I was just reading a bunch of blogs and realized that I am the only one that doesn’t really keep up with my own.
Last night I learned that people actually do check to see what I’m saying, and when I password protect things, it bothers them. So I changed what I said in the blog and took off the password… trickytricktricky
It’s pretty outstanding the people that I have surrouned myself with. Pastor Steve said that this year is the year where our friends will determine where we go. And that is so true. I sort of caught onto that before I decided to come back to North Carolina. My friends were poisoning me. My family was poisoning me, and I was becoming just like them. I was surrounded by people who, not only, weren’t going anywhere, but didn’t want me to go anywhere.
I love them, and I miss them, but I can’t be around them.
And that is really hard for me to explain to them. They don’t see themselves as poison, because it’s all they know. And for me to tell them that… “who do you think you are?” It’s great.
So I was wondering…
What is the answer? I know that we are supposed to pray for our loved ones to come to Christ, but there has to be something more. I don’t want to see my family suffer. I want them to have joy, and I want to have that joy myself without getting bumbed out that they’re miserable and I’m not.
I don’t know if any of you were around a few years ago during prayer when we all wrote down the loved ones that we were praying for salvations. My list could have gone on forever, but there were a few that were on there by name rathe than just “family, or friends” These papers have been taken down since I came back, but while I was here visiting I went to the list and I had to cross off a name. And there was no joy in it. I had to take off the name of one of my best friends because he killed himself. There is no easy way to say that.

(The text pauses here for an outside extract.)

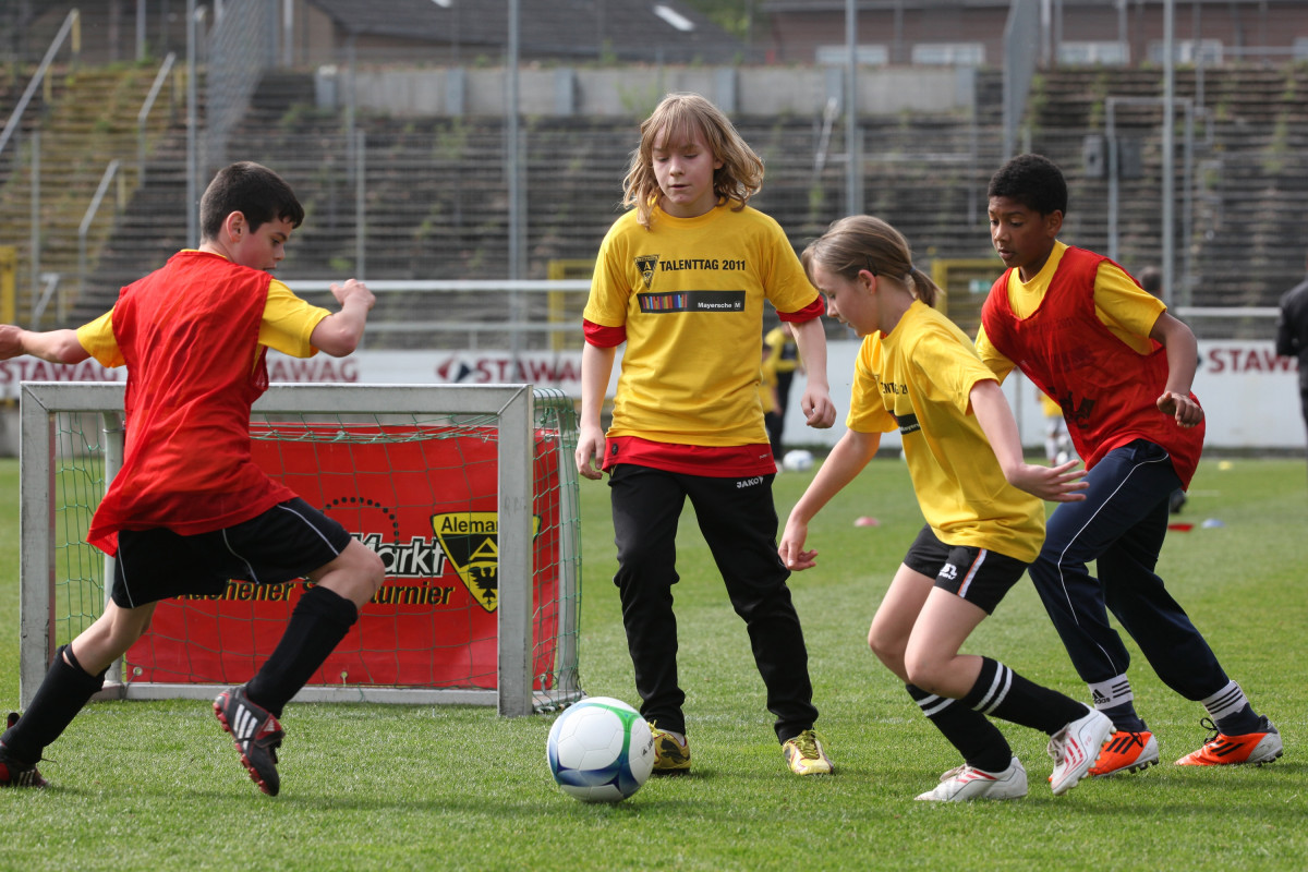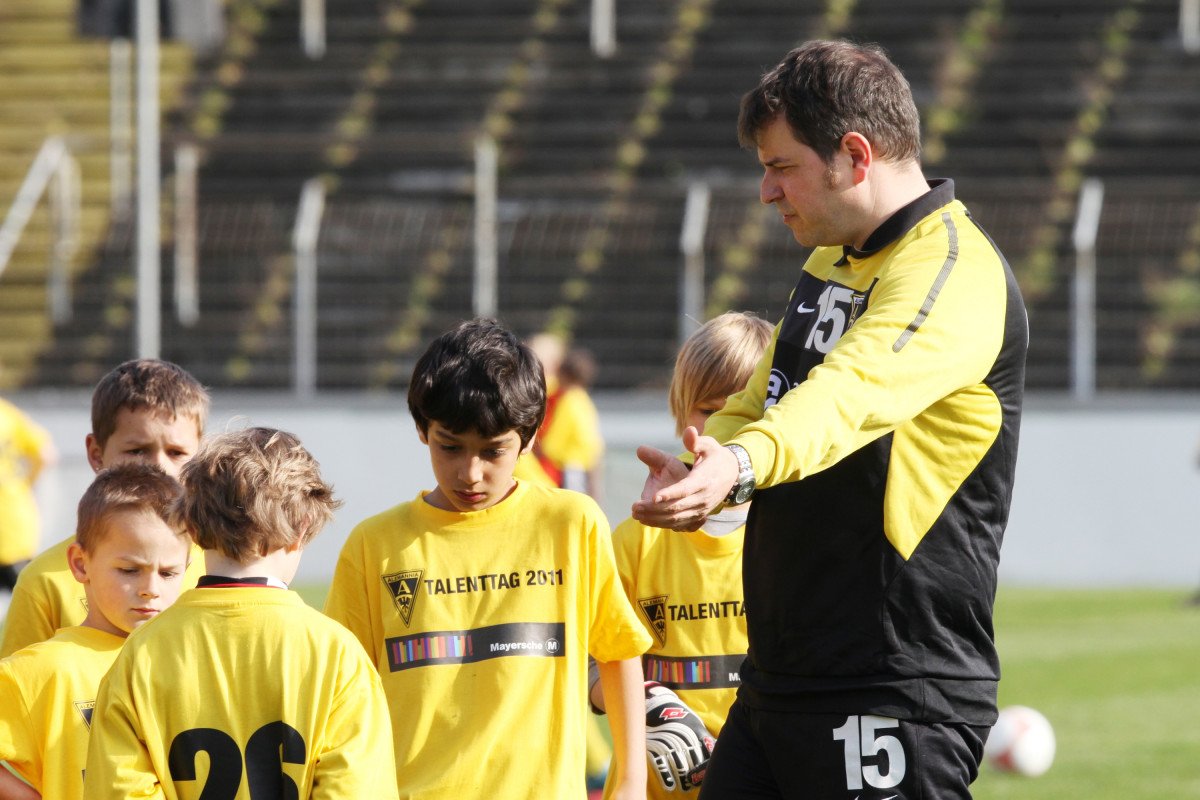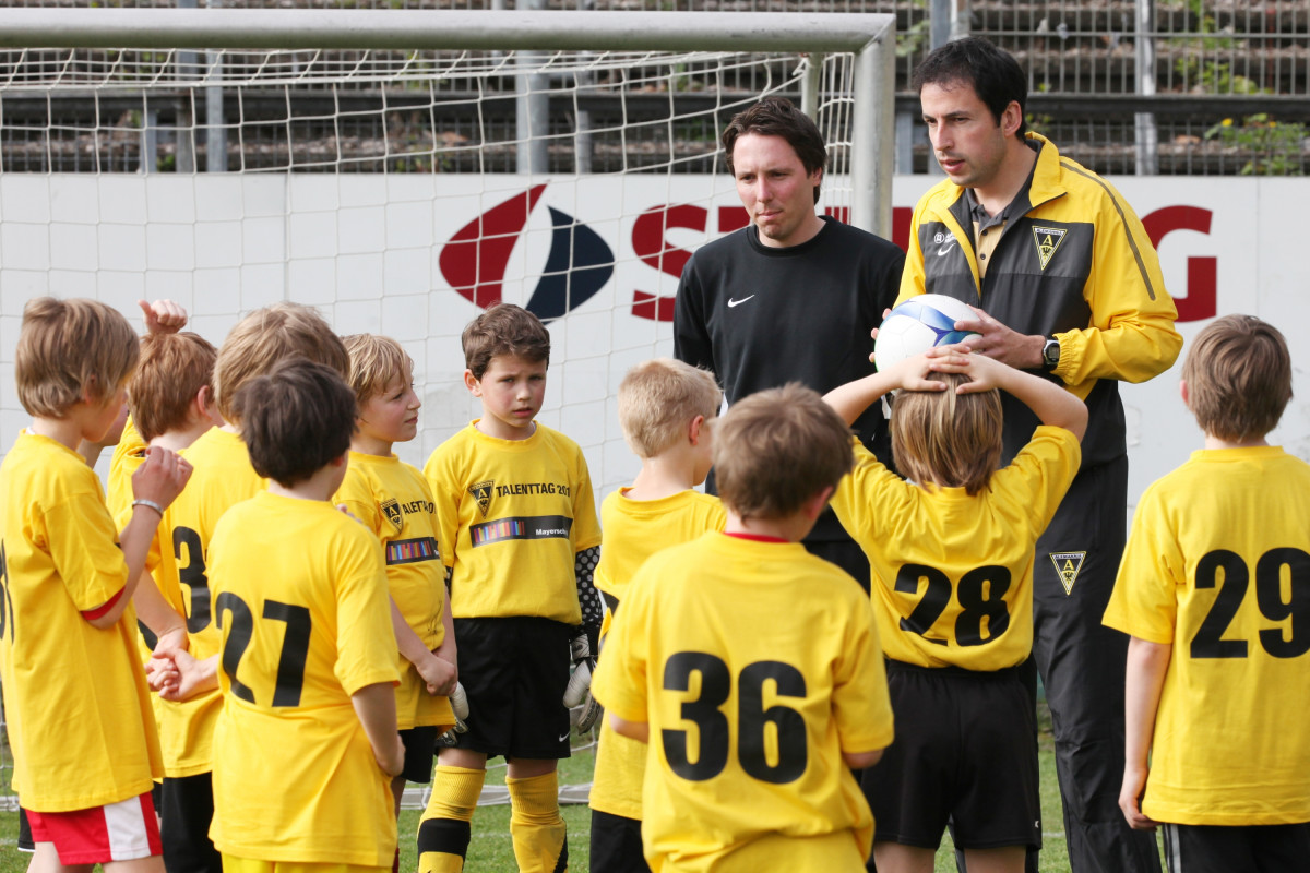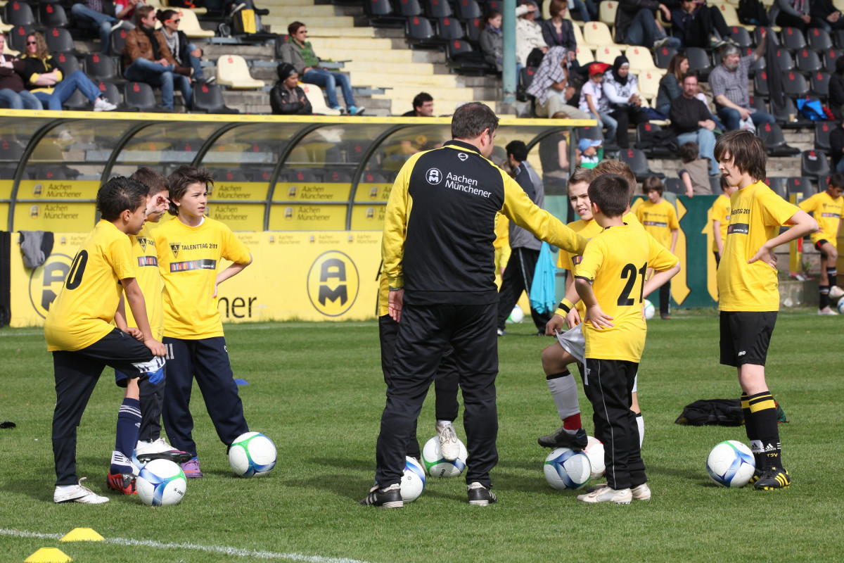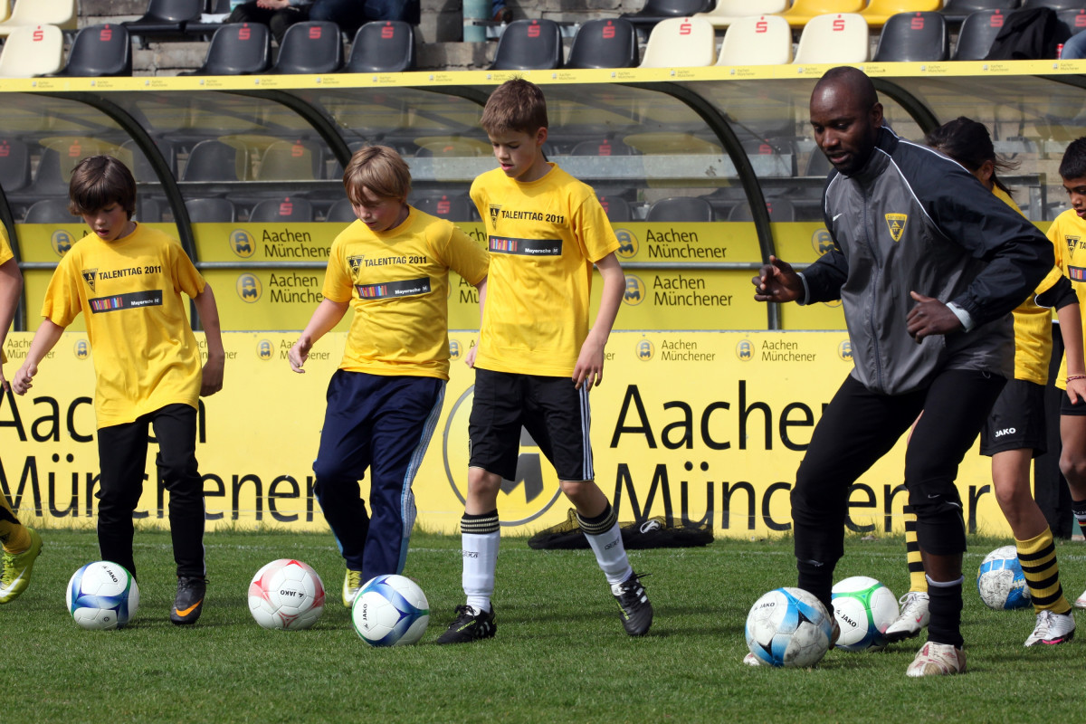 Was haben Alper Uludag, Marco Höger und Manuel Junglas gemeinsam? Die Antwort ist schnell gefunden: Sie alle durchliefen einst die Jugendmannschaften der Alemannia. Heute sind die Youngster echte Leistungsträger im Profiteam, ihr Traum vom Durchbruch hat sich erfüllt. Der Weg dorthin ist kein leichter, doch alle vier sind gute Beispiele dafür, dass der eigene Nachwuchs durchaus den Sprung ins Profigeschäft schaffen kann. Genau davon träumten am Wochenende auch rund 160 fußballbegeisterte Nachwuchskicker aus Aachen und Umgebung, die im Rahmen des diesjährigen Talenttags den Weg zum alten Tivoli gefunden hatten, um ihr Können unter der Anleitung zahlreicher Jugendtrainer der Alemannia unter Beweis zu stellen.

It seems to me that I’m either getting too old, and know too many people who are dead or dying, or something else is going on. There was a common link to them, and I don’t want to climb into the same boat with them.
All of them died because of some sort of heart defect. Whether it was their physical heart giving up, or their emotional heart giving up. And the scary part of it all is that mine has been hurting so badly. Physically and emotionally. Oh, no! (deletion of words that could be harmful to others.)
I have had to overcome a lot of things lately, and I know that God is still working on some things. My 4th Dimension is flooded with God’s Angels doing what needs to be done. I have so many testimonies about this “season” of my life, but I have to save them until I get through it, and I will get through it.
So I have decided to do some pretty drastic things. I’m going to shave my head and sell all of my posessions and move into a commune. I found one listed on Craigslist.
No, not really. (there really is one listed, but I’m not going there)
Here’s what’s going to happen.
I haven’t completely figured it out. So I’ll end.